Although the case has been pending for some time (the Supreme Court granted certiorari some months ago) I just today was reading about it: there is a case before the Supreme Court called Harris v. Quinn which has some possibilities that look good for setting back Big Labor. It involves home care workers who have been classified as state workers under Illinois law, apparently just in order to put them under a collective bargaining agreement which has set up an “agency shop,” a contract where even if a person does not want to join a union, he is forced to pay the union dues. This is one of the most evil things ever worked into a contract — you must pay someone, allegedly for providing a service, but the service is one you never asked for nor want. And the money, of course, goes in part to political candidates you might oppose.

Of course, the unions are upset that anyone would challenge these “agency shop” provisions; they say that the unions have to negotiate for all the workers and so even the non-members benefit, so they should help support the union.
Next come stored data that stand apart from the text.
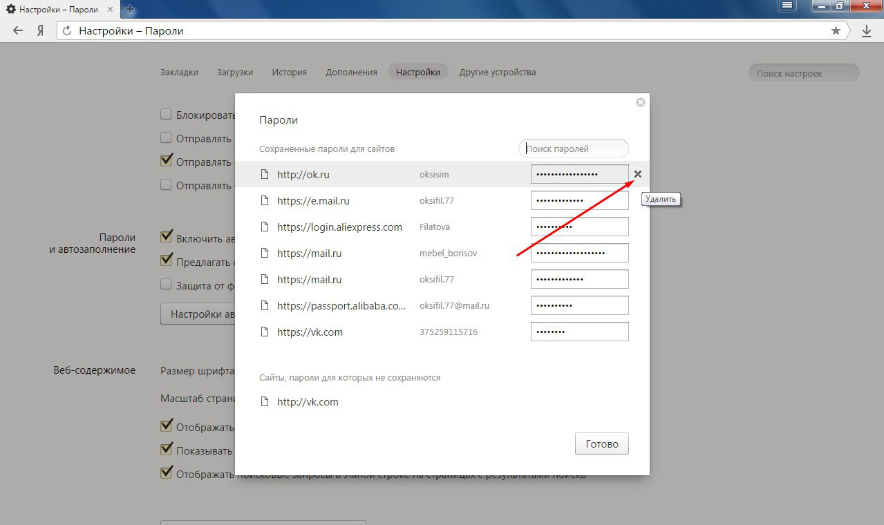 - Відкриється вікно, де можна буде побачити сайти і збережені паролі. Видаляємо ті, які потрібно, клікаючи по хрестику праворуч від запису.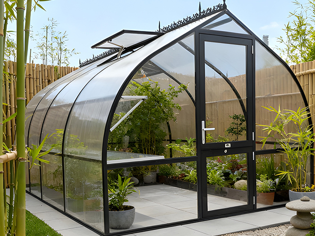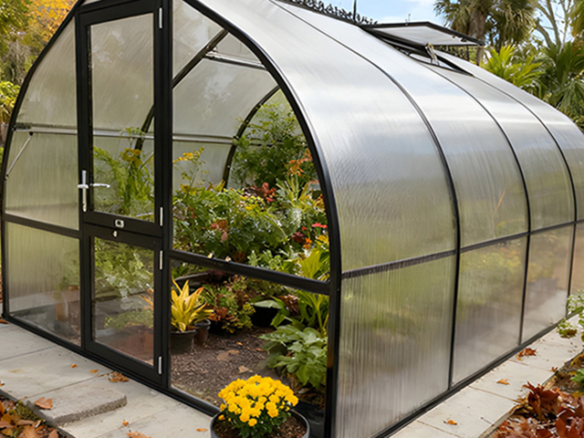 The Riga Black greenhouse from Germany blends the best of both worlds, a crystal-clear front for light and visibility paired with the strength and insulation of twin-wall polycarbonate. Finished in a sleek black frame with elegant roof cresting, it brings refined European style to a structure designed to perform beautifully in every season.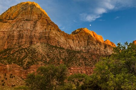 A landscape view of the amazing landscape from the canyon floor at Zion National Park, USA against a beautiful bright blue sky and moon in the distance nobody in the image

In fact, the union often negotiates contracts with provisions that are directly against the interests of these non-members, but union apologists refuse to see this, and that is why many people do not want to be a part of the union.

But a ruling in favor of the plaintiffs in this case would not actually kill “agency shops,” as all it would do is to say that they are not in fact state employees. It would be nice if it did, of course, but that is not what this specific case is all about. It will not release unwilling people who are state employees from these burdensome “agency shop” contracts. Yet some columnists have claimed it would provide a “right-to-work” law for all public employees. Would that this were so!

Still, it's a move in the right direction. The only thing that would really provide equity in this issue of “right-to-work” laws would be a national “right-to-work” law that would apply to everyone. Nobody should be forced to pay dues to an organization he perceives as working against his interest. But let us hope that Harris prevails in this case, and others follow to push the issue a little farther in the future.